По этому втащила я его в подъезд без особых усилий, до лифта доволокла тоже играючи, но вот потом заминочка вышла — на кнопку-то нажимать нечем, обе руки заняты. Обычно ведь Колян хотя бы стоять может, не самостоятельно, конечно, а подпираемый моим боком к стене, сегодня же держаться вертикально он не желал. Только я его прислоню, только руку оторву, как он на бок заваливается. Я уж его и так и эдак, а он не в какую, знай себе падает.
Измучилась я. Проголодалась. Хотела уже бросить, да упрямство не позволило. И тут меня осенило — а дай, думаю, я ногой по кнопке шарахну, она, конечно, высоковато находится, но для такой девушки, как я, прыткой и гибкой, высоковато — не недосягаемо.
Сказано — сделано. Сделано, правда, с пятой попытки, но кого это волнует, главное же результат. А он не заставил себя ждать, и через пару секунд перед моим носом распахнулись двери лифта. Вот радость-то! Я весело подпинула Коляна под костлявый зад, перекинула его с плеча на грудь, обхватила под пузом руками, готовясь зашвырнуть пьяное сокровище в кабину, как вдруг мой взгляд от взлохмаченной макушки сокровища переместился к собственным рукам. И что-то в них было не так! Хотя и ногти, вроде, в ажуре — не один миллиметр не обломан, и краска на них идеальной ровности, и колечко с микроскопичеким брюликом на месте, а что-то не то. Что-то не…
Я ахнула и, бросив Коляна на пол кабины, приблизила руки к лицу. Красные! Они красные!
Мой непонимающий взгляд опустился ниже — с кистей на запястья. И по ним тонкой струйкой стекала красная жидкость.
Тут двери лифта загудели, зашипели, тронулись на встречу друг другу. По мере их сближения света становилось все меньше, и с каждой минутой я больше и больше погружалась в темноту подъезда. Мне стало жутко!

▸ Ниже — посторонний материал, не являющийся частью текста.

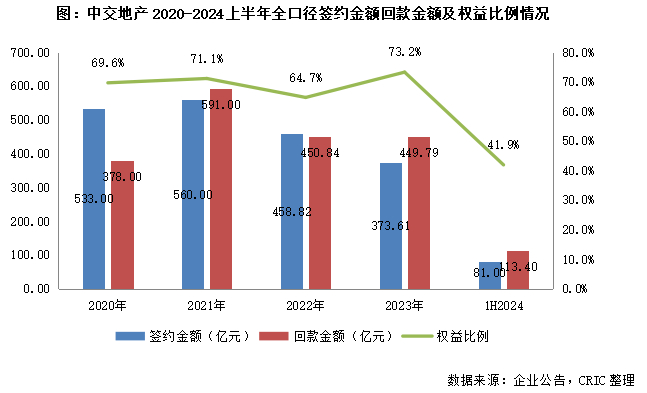 2024上半年中交地产实现销售金额81亿元,销售面积113.4万平方米,分别同比减少62.26%和56.73%,销售权益相较于2023年全年大幅降低31.3个百分点至41.9%。虽然中交地产在上半年的销售表现出现了较大的下滑,但是企业积极推动销售回款,增强现金安全性,在上半年实现销售回款92.7亿元,回款率达到了114%,继续保持着较高的水平。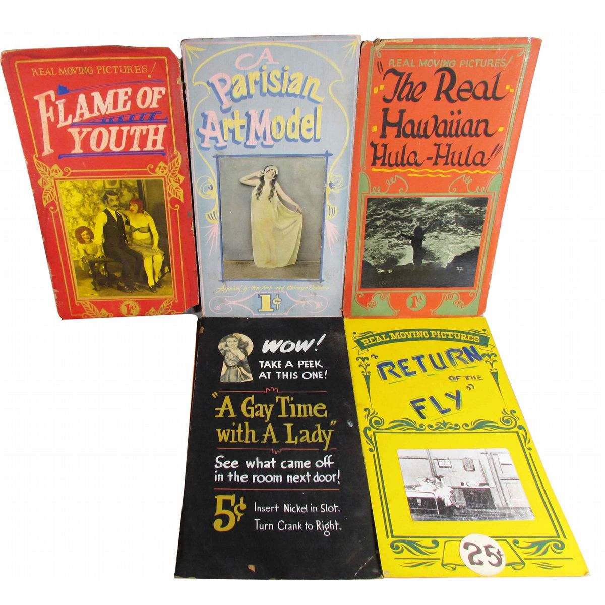 Five Mutoscope Panels. "Return of the Fly", "The Real Hawaiian Hula, Hula", "A Parisian Art Model", "Flame of Youth" and "A Gay Time with a Lady". Various conditions. 10 3/4 X 19 3/4 inches.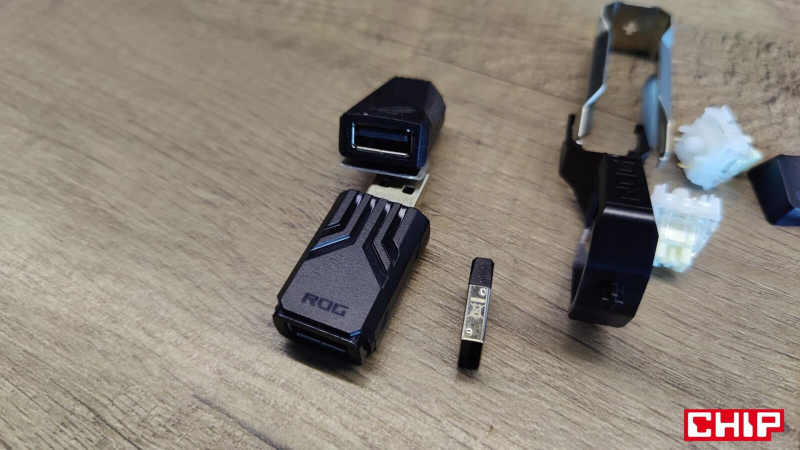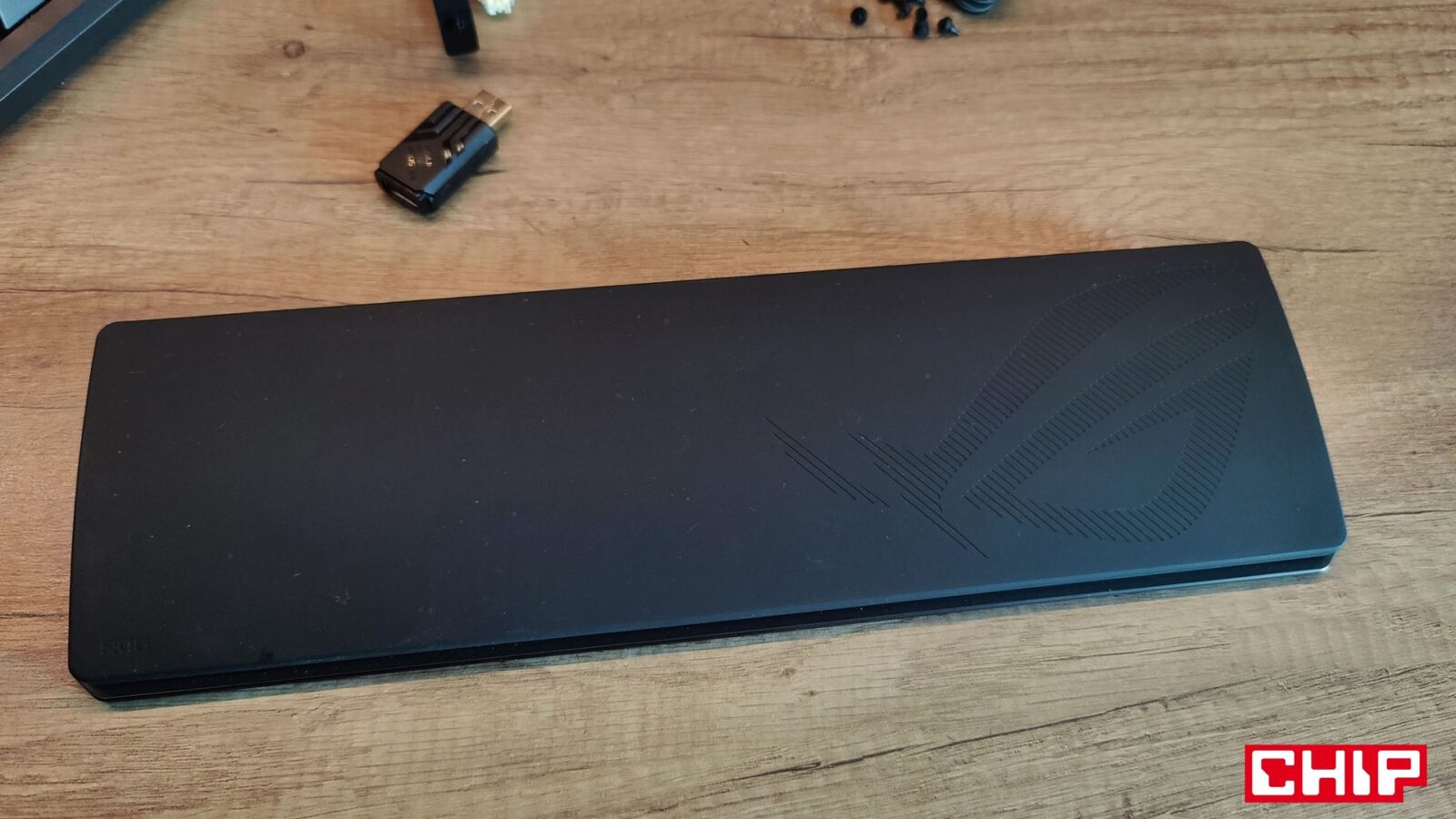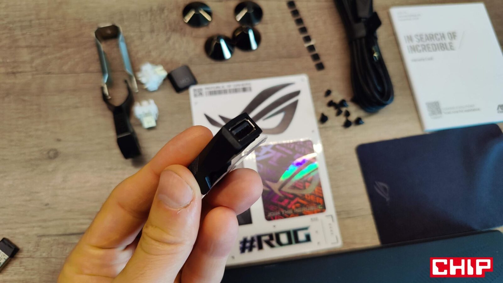 W praktyce jedyne, co musicie wyjąć z pudełka razem z klawiaturą, to wypolerowaną odznakę, która ląduje od razu na spodnią część klawiatury, najlepiej spisujące się nóżki magnetyczne, przewód, odbiornik radiowy i podkładkę, a w razie chęci uzyskania wyższego odświeżania, wpiąć również ROG Pooling Rate Booster do laptopa lub komputera. Wtedy musicie pamiętać, żeby wpinać przewód lub odbiornik USB właśnie do tego gadżetu, aby podbić odświeżanie z 1000 do 8000 Hz. Czy warto? Za coś przecież zapłaciliście, ale nie liczcie na to, że nagle będziecie pisać szybciej. O ile w przypadku myszek ten wzrost odświeżania ma sens, tak w kwestii klawiatur mam co do tego ogromne wątpliwości.

Я вдруг представила, что как только я останусь наедине с мраком, то, что покрывает мои руки, расползется по всему телу, и я, опутанная со всех сторон кровавой паутиной, окажусь в руках чудовища…
Двери крякнули и вместо того, чтобы сомкнуться, разъехались. Чудо! Произошло чудо? Я тупо опустила взгляд и наткнулась им на голые Колькины ноги. В голове проскрипела мысль — вот что задержало дверки, и чудеса здесь не при чем. Вообще тогда я соображала туго, а если уж точно, то и вовсе не мыслила, просто функционировала, как робот или, скорее, тень робота, или тень тени… Наверное, мое подсознание, предчувствующее недоброе, дало приказ мозгу — отключайся, братан, иначе кранты тебе, крякнешь от жути. Он и отключился.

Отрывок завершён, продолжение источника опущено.